* Your task
Exact repetition of a range: find the line containing "50개 단지를 보면 특정" and the line containing "(서울=포커스뉴스) 29일 오전" in the material below, then repeat both and all lines between them, leaving pictures out.

**** Records

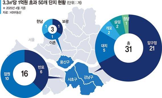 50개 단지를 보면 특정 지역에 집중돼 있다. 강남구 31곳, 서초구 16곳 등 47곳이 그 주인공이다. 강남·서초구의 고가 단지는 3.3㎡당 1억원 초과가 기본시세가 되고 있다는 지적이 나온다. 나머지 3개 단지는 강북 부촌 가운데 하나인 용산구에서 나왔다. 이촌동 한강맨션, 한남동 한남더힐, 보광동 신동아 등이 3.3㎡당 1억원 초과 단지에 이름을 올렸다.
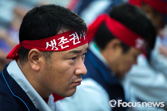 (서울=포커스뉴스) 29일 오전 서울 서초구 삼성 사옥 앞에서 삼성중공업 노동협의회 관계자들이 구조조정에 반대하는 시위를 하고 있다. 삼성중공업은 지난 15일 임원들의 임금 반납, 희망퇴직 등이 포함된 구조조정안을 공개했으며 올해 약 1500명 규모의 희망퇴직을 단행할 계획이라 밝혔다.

********
**** Records

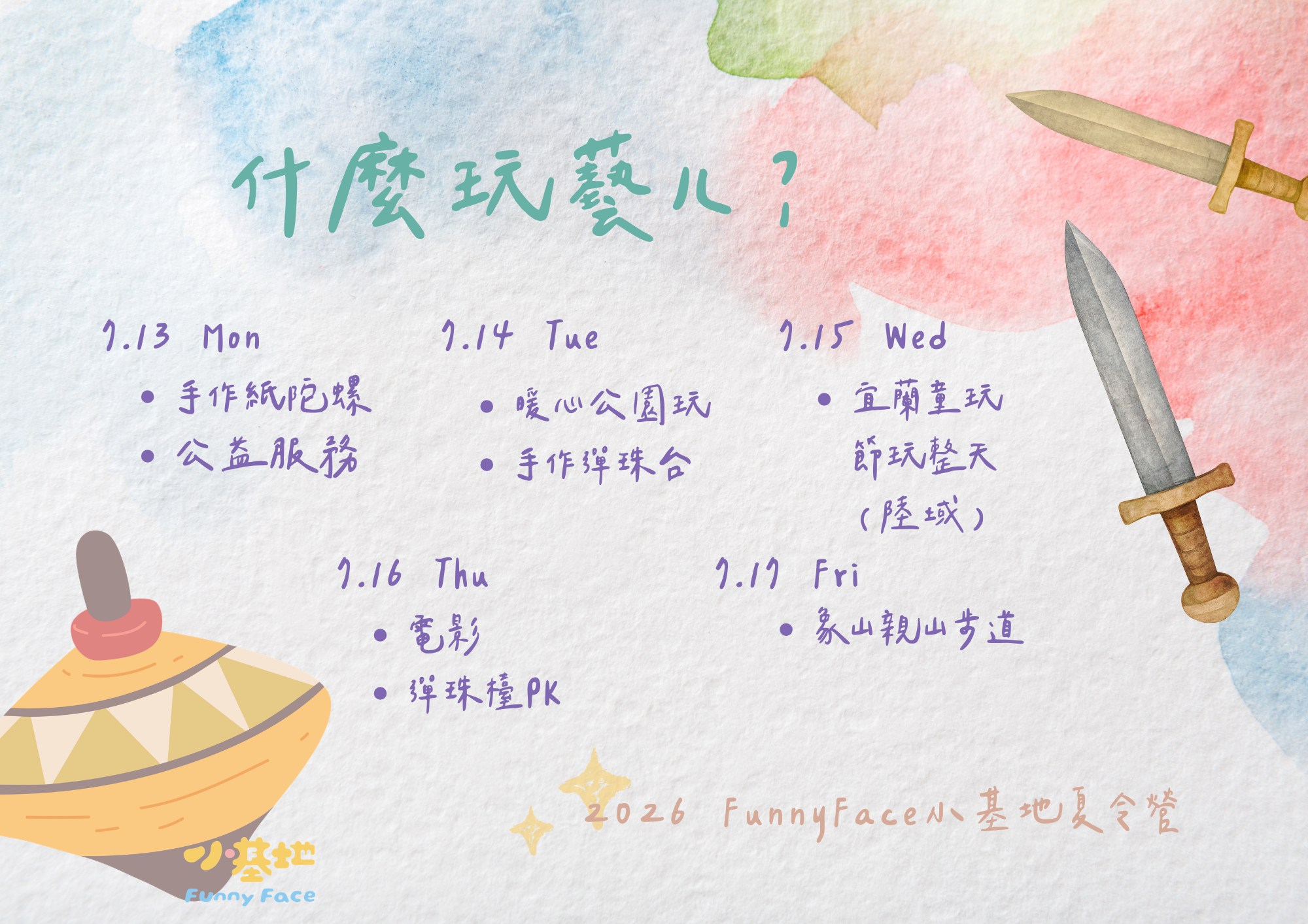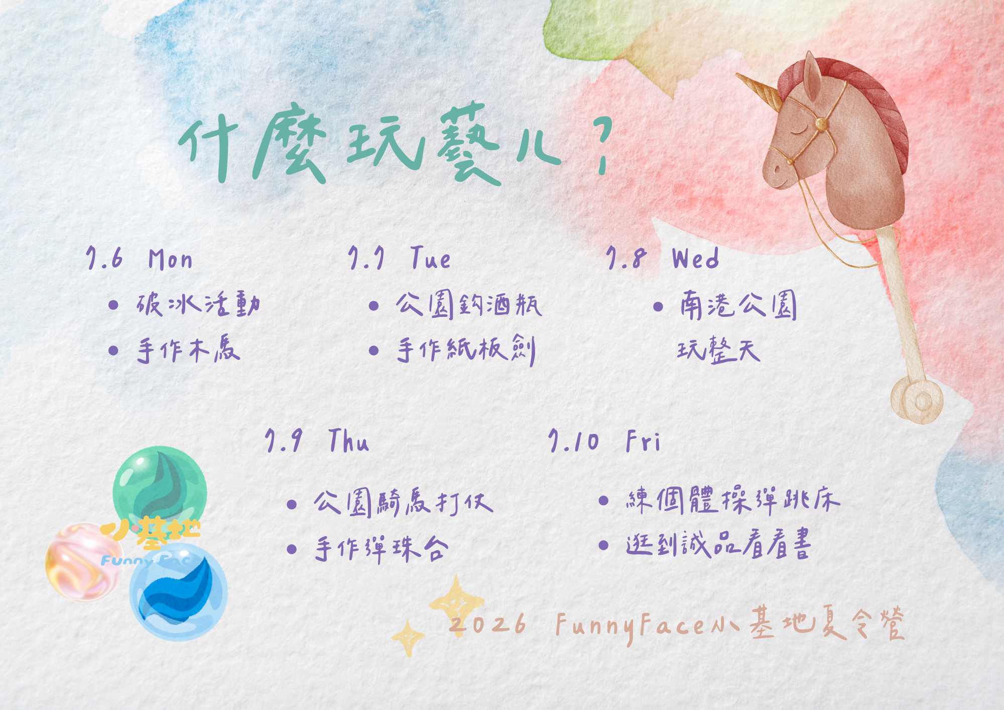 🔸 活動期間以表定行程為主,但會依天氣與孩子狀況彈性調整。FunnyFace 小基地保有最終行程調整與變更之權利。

********
**** Records

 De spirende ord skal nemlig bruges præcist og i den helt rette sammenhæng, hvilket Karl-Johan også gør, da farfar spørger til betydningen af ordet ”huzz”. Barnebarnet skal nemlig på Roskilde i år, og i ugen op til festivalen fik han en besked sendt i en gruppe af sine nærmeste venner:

********

* Answer to this task
 50개 단지를 보면 특정 지역에 집중돼 있다. 강남구 31곳, 서초구 16곳 등 47곳이 그 주인공이다. 강남·서초구의 고가 단지는 3.3㎡당 1억원 초과가 기본시세가 되고 있다는 지적이 나온다. 나머지 3개 단지는 강북 부촌 가운데 하나인 용산구에서 나왔다. 이촌동 한강맨션, 한남동 한남더힐, 보광동 신동아 등이 3.3㎡당 1억원 초과 단지에 이름을 올렸다.
 (서울=포커스뉴스) 29일 오전 서울 서초구 삼성 사옥 앞에서 삼성중공업 노동협의회 관계자들이 구조조정에 반대하는 시위를 하고 있다. 삼성중공업은 지난 15일 임원들의 임금 반납, 희망퇴직 등이 포함된 구조조정안을 공개했으며 올해 약 1500명 규모의 희망퇴직을 단행할 계획이라 밝혔다.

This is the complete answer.